Safety of using reflect.StringHeader in Go?

794 Views Asked by At

I have a small function which passes the pointer of Go string data to C (Lua library):

func (L *C.lua_State) pushLString(s string) {
    gostr := (*reflect.StringHeader)(unsafe.Pointer(&s))
    C.lua_pushlstring(L, (*C.char)(unsafe.Pointer(gostr.Data)), C.ulong(gostr.Len))
    // lua_pushlstring copies the given string, not keeping the original pointer.
}

It works in simple tests, but from the documentations it's unclear whether this is safe at all.

According to Go document, the memory of reflect.StringHeader should be pinned for gostr, but the Stringheader.Data is already a uintptr, "an integer value with no pointer semantics" - which is itself odd because if it has no pointer semantics, wouldn't the field be completely useless as the memory may be moved right after the value is read? Or is the field treated specially like reflect.Value.Pointer? Or perhaps there is a different way of getting C pointer from string?

1

There are 1 best solutions below

0
On

it's unclear whether this is safe at all.
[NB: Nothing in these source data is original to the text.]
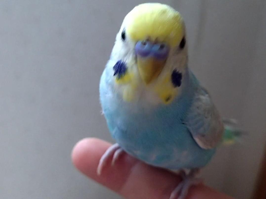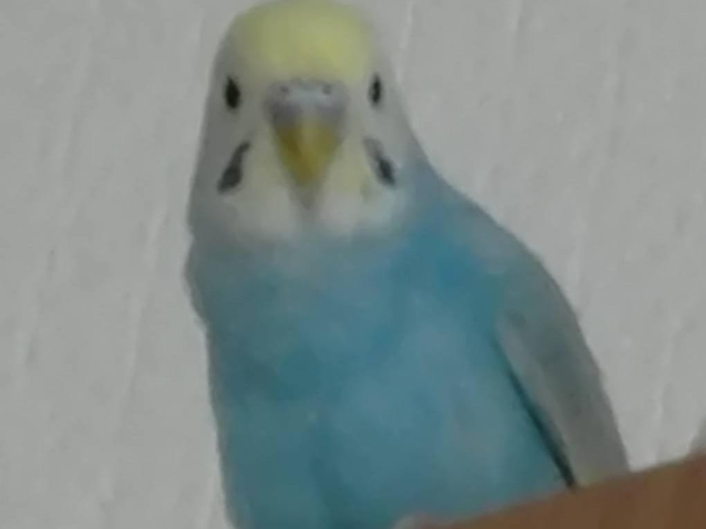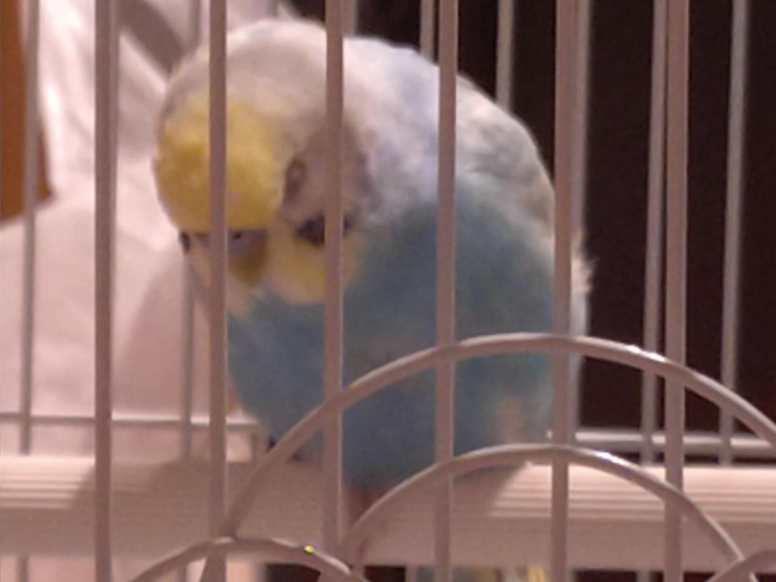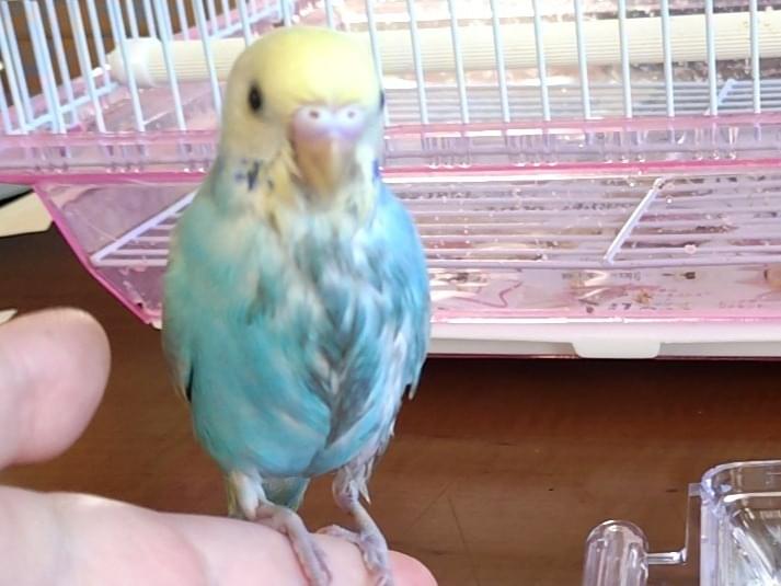 レインボーカラーの頭が黄色で体が水色のセキセイインコを探しています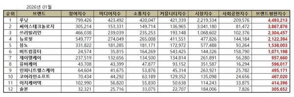 3위, 쓰리빌리언 브랜드는 참여지수 466,038 미디어지수 239,039 소통지수 235,253 커뮤니티지수 193,148 시장지수 1,068,602 사회공헌지수 102,376이 되면서 브랜드평판지수 2,304,457로 분석됐다. 지난 12월 브랜드평판지수 1,626,178과 비교해보면 41.71% 상승했다.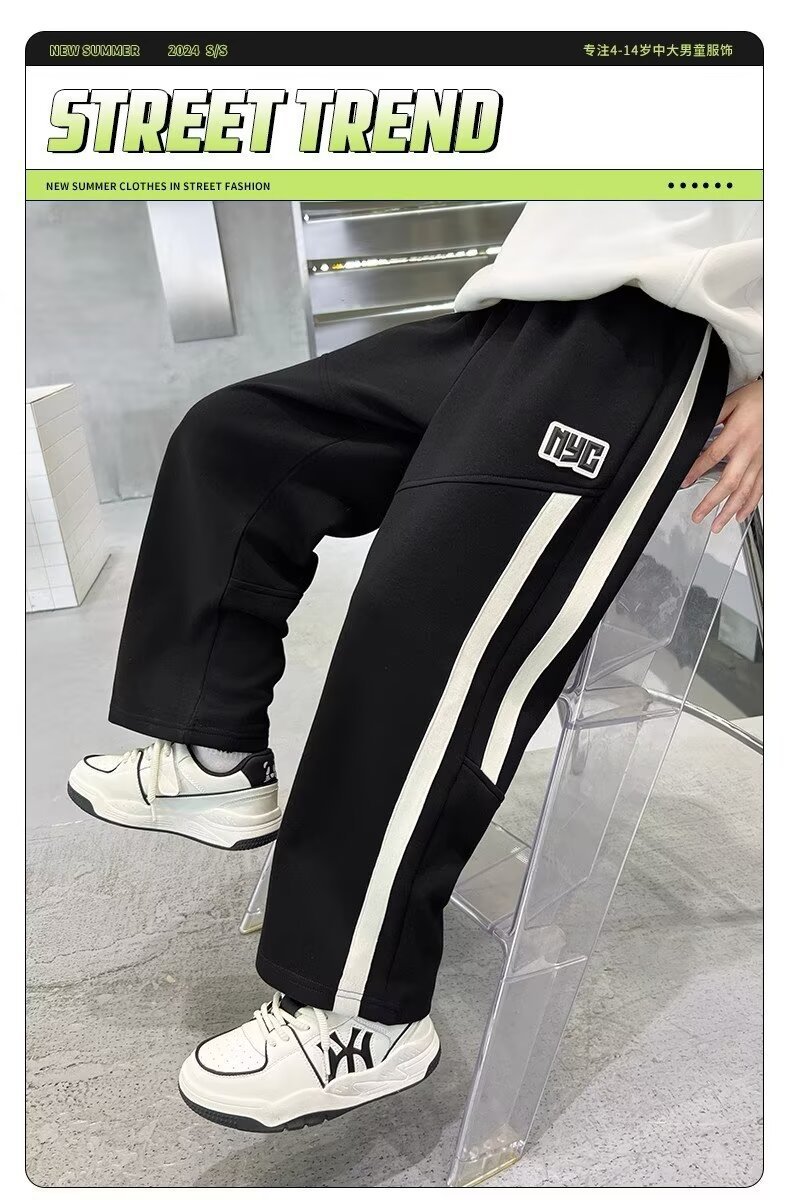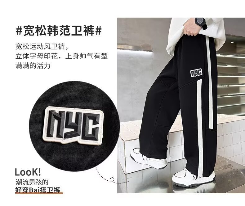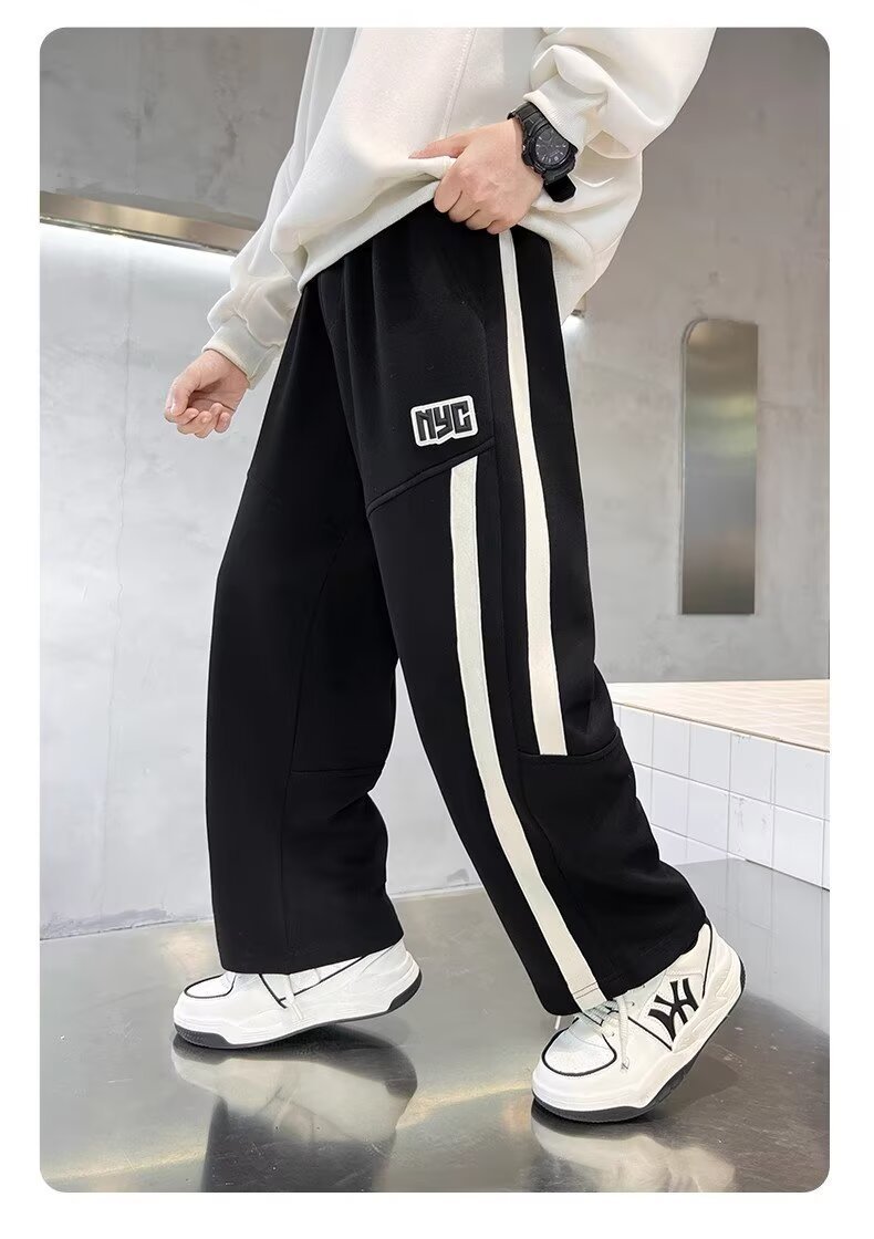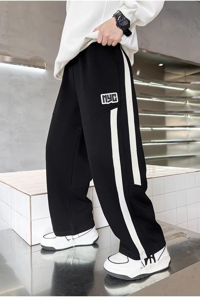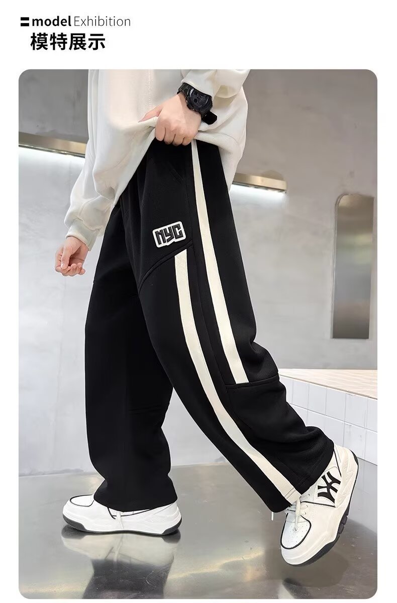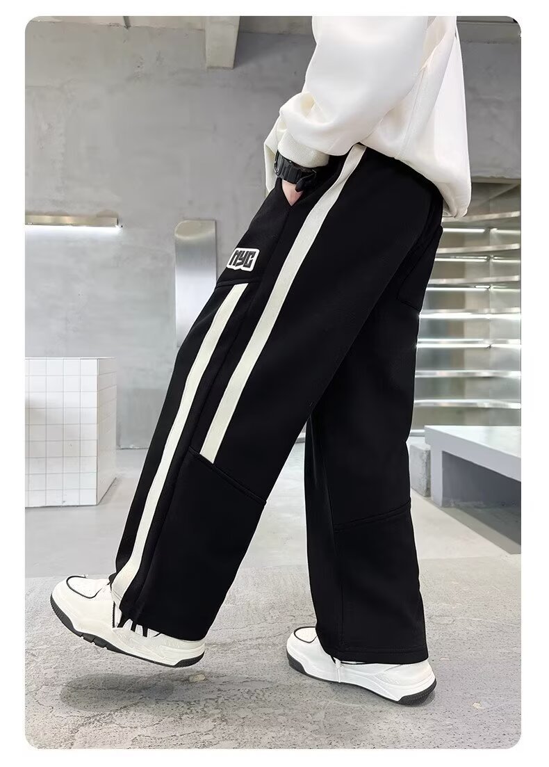 소년의 가을과 겨울 새로운 두꺼운 기모 느슨한 스포츠 바지 2024 어린이 빅 보이 운동복 루즈스토어 가기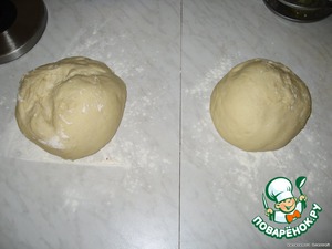 Затем тесто обмять и оставить еще на 30 минут. Разделить на 2 части для приготовления.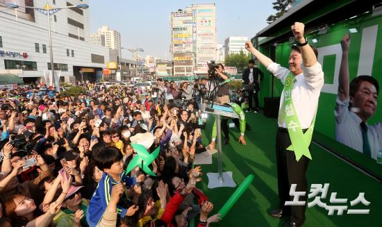 국민의당 안철수 대선후보가 30일 오후 경기 부천역 광장에서 열린 집중유세현장에서 단상에 올라 지지호소를 하고 있다.

Q4 2022: Tapir Liui (https://twitter.com/TapirLiu/) dans Go101 (https://github.com/go101/go101) gives a clue as to the "safety" of reflect.StringHeader in this tweet:

Since Go 1.20, the reflect.StringHeader and reflect.SliceHeader types will be depreciated and not recommended to be used.

Accordingly, two functions, unsafe.StringData and unsafe.SliceData, will be introduced in Go 1.20 to take over the use cases of two old reflect types.

That was initially discussed in CL 401434, then in issue 53003.

The reason for deprecation is that reflect.SliceHeader and reflect.StringHeader are commonly misused.
As well, the types have always been documented as unstable and not to be relied upon.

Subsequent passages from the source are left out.